● **Extracted entries**:
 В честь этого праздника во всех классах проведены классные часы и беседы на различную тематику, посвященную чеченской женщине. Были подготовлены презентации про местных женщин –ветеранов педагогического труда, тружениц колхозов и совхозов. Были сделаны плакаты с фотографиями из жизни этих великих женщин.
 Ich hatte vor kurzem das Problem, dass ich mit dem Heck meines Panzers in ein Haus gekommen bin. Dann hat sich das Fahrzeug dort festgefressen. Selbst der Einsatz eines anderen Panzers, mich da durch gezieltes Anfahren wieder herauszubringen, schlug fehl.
...
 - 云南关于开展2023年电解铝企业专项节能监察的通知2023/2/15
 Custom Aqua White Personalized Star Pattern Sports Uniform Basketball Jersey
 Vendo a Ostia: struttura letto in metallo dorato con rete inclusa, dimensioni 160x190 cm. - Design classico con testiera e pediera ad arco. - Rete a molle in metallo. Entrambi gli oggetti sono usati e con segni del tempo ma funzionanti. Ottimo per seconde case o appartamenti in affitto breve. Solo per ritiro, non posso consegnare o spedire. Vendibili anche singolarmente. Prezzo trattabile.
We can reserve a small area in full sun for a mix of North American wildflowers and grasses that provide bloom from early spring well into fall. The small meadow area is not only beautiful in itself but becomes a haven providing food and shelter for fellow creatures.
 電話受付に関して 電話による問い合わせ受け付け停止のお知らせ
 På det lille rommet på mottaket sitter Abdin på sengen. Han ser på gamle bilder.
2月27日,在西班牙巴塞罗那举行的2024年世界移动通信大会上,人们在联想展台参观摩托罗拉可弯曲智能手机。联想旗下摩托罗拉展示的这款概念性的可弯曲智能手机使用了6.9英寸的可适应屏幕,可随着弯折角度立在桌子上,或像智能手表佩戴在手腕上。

● **Problem description**: Above are the records; print exactly the lines from the line with "På det lille" to the line with "2月27日,在西班牙巴塞罗那", including both, and nothing else.

● **Exercise result**:
 På det lille rommet på mottaket sitter Abdin på sengen. Han ser på gamle bilder.
2月27日,在西班牙巴塞罗那举行的2024年世界移动通信大会上,人们在联想展台参观摩托罗拉可弯曲智能手机。联想旗下摩托罗拉展示的这款概念性的可弯曲智能手机使用了6.9英寸的可适应屏幕,可随着弯折角度立在桌子上,或像智能手表佩戴在手腕上。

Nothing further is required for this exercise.